Your objective — From the line with "This image captures" to the line with "Solar Charge Controller, Projecta, 4", retype each line exactly as it stands in the records below, but skip the pictures.

Data shown —

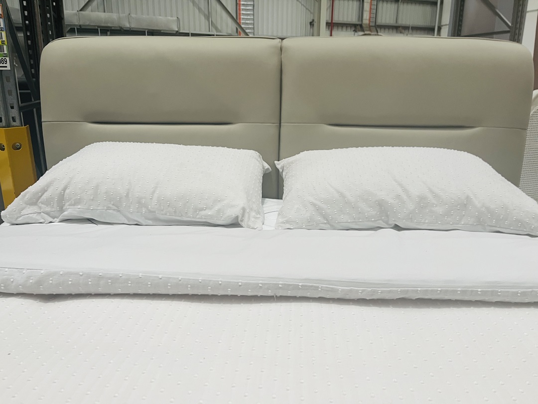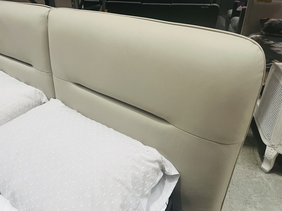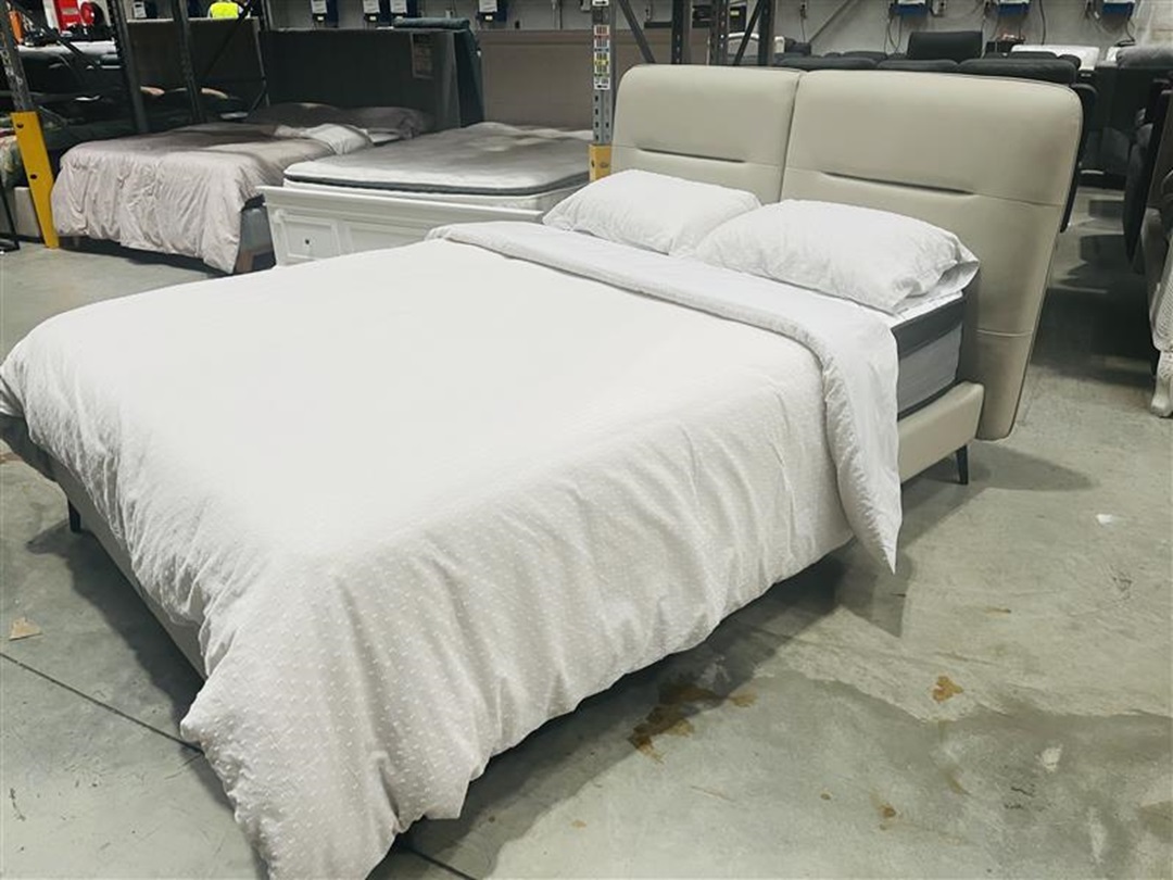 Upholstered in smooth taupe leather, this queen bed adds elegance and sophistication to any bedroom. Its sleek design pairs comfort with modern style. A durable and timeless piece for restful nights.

...

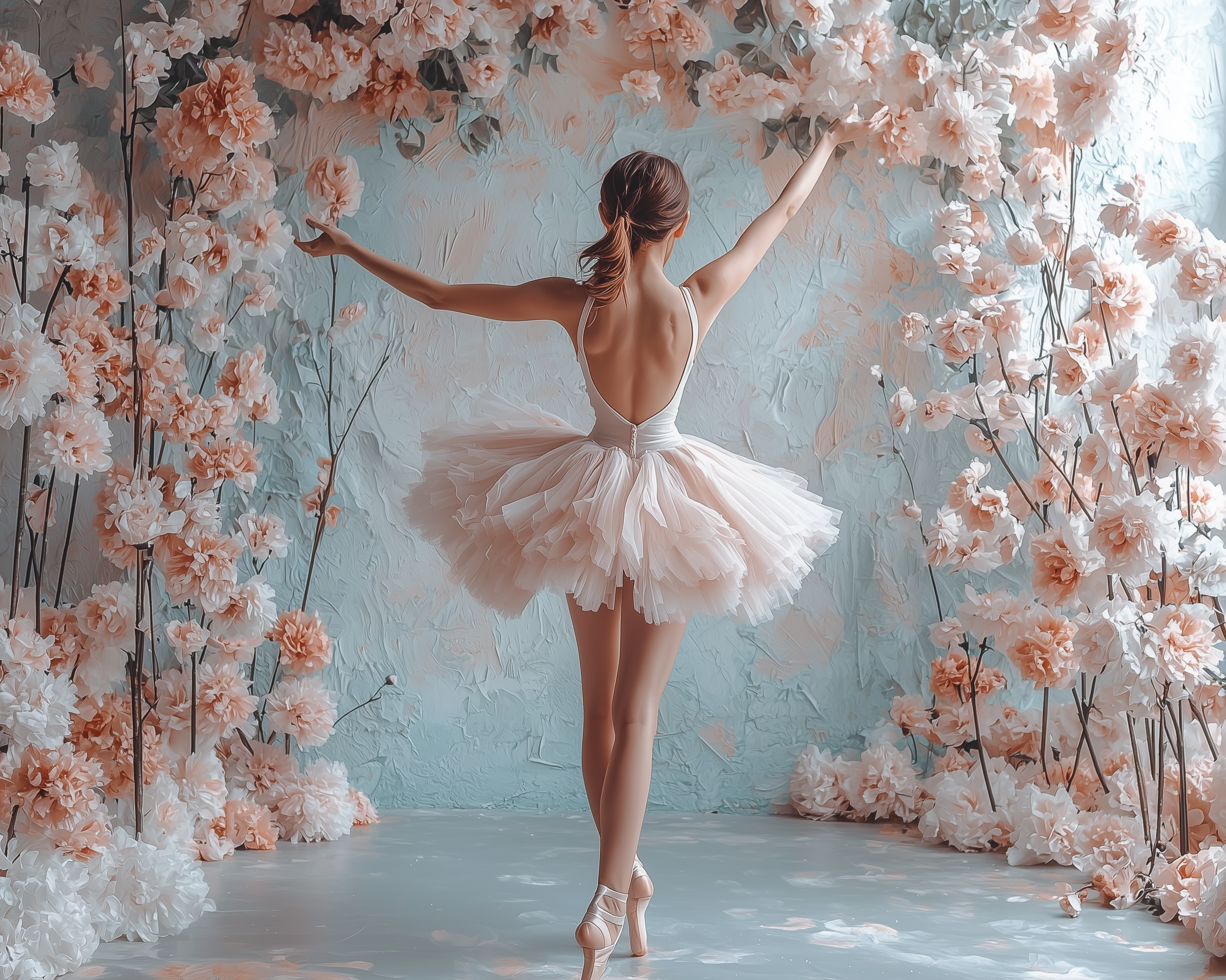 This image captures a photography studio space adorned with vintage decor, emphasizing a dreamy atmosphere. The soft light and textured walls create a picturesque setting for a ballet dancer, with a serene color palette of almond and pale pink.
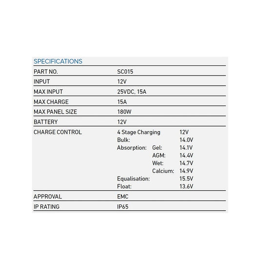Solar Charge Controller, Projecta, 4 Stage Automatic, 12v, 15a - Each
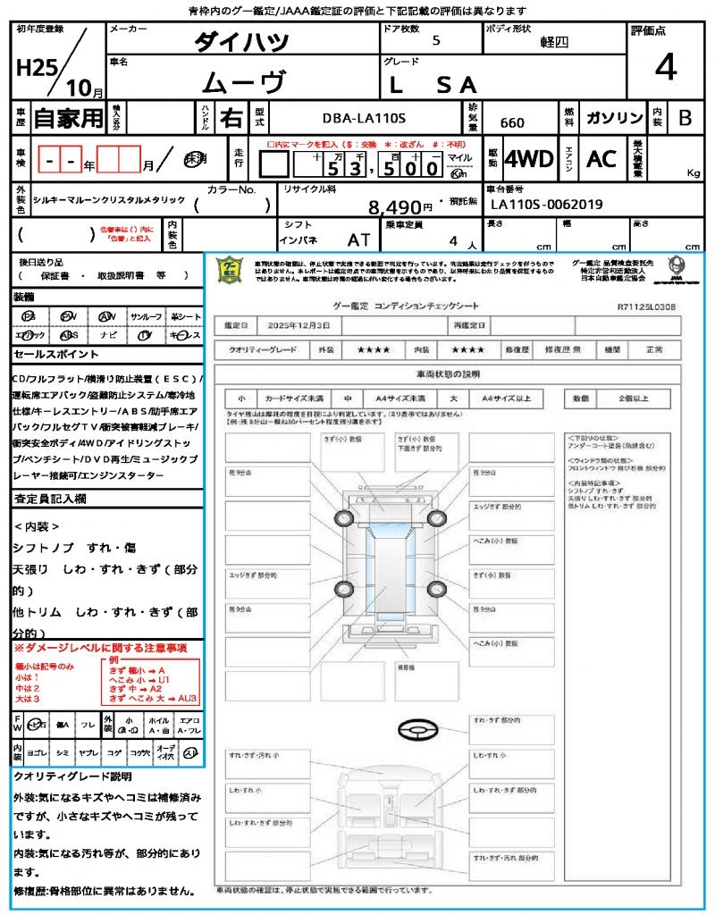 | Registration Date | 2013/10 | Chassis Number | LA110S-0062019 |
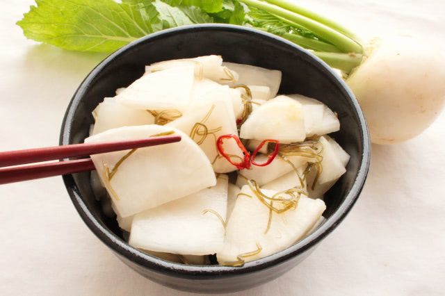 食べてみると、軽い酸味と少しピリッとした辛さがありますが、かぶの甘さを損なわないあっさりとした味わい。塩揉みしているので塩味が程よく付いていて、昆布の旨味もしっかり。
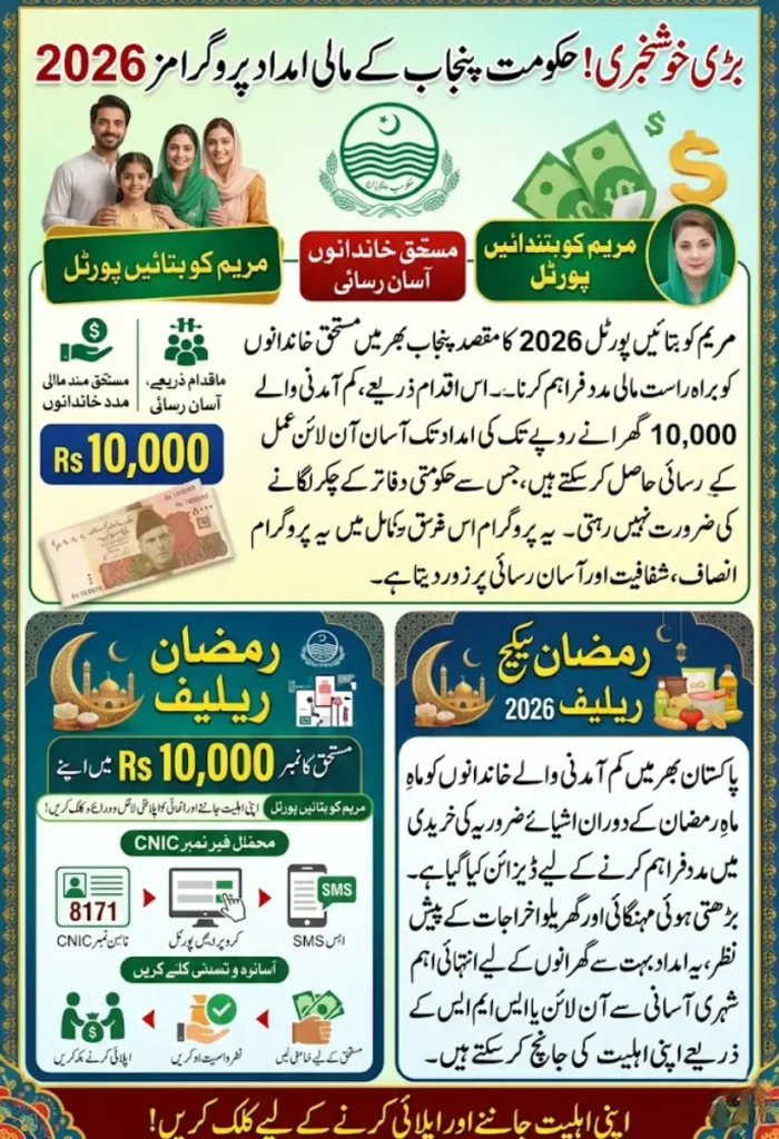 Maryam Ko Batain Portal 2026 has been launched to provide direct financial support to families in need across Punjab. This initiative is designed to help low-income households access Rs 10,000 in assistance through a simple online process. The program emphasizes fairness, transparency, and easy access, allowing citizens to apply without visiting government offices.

Result for this task —
 This image captures a photography studio space adorned with vintage decor, emphasizing a dreamy atmosphere. The soft light and textured walls create a picturesque setting for a ballet dancer, with a serene color palette of almond and pale pink.
Solar Charge Controller, Projecta, 4 Stage Automatic, 12v, 15a - Each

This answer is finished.